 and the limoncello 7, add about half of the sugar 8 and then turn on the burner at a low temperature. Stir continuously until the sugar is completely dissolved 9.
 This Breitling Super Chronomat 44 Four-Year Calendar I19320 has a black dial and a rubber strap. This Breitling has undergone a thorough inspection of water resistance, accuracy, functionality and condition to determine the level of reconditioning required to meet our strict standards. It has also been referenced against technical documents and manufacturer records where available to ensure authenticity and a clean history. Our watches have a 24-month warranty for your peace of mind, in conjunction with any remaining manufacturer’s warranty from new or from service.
################
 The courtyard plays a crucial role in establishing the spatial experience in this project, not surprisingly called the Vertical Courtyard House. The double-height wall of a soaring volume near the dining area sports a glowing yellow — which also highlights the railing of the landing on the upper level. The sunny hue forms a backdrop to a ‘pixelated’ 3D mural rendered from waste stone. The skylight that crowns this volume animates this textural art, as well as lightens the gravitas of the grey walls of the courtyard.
################
■ DIRECTIONS FOR THIS TASK:
Look above for the line with "and the limoncello" and the line with "This Breitling Super". Write out those two lines and all the lines between them, exactly, and no others.

■ SOLUTION TO THIS EXERCISE:
 and the limoncello 7, add about half of the sugar 8 and then turn on the burner at a low temperature. Stir continuously until the sugar is completely dissolved 9.
 This Breitling Super Chronomat 44 Four-Year Calendar I19320 has a black dial and a rubber strap. This Breitling has undergone a thorough inspection of water resistance, accuracy, functionality and condition to determine the level of reconditioning required to meet our strict standards. It has also been referenced against technical documents and manufacturer records where available to ensure authenticity and a clean history. Our watches have a 24-month warranty for your peace of mind, in conjunction with any remaining manufacturer’s warranty from new or from service.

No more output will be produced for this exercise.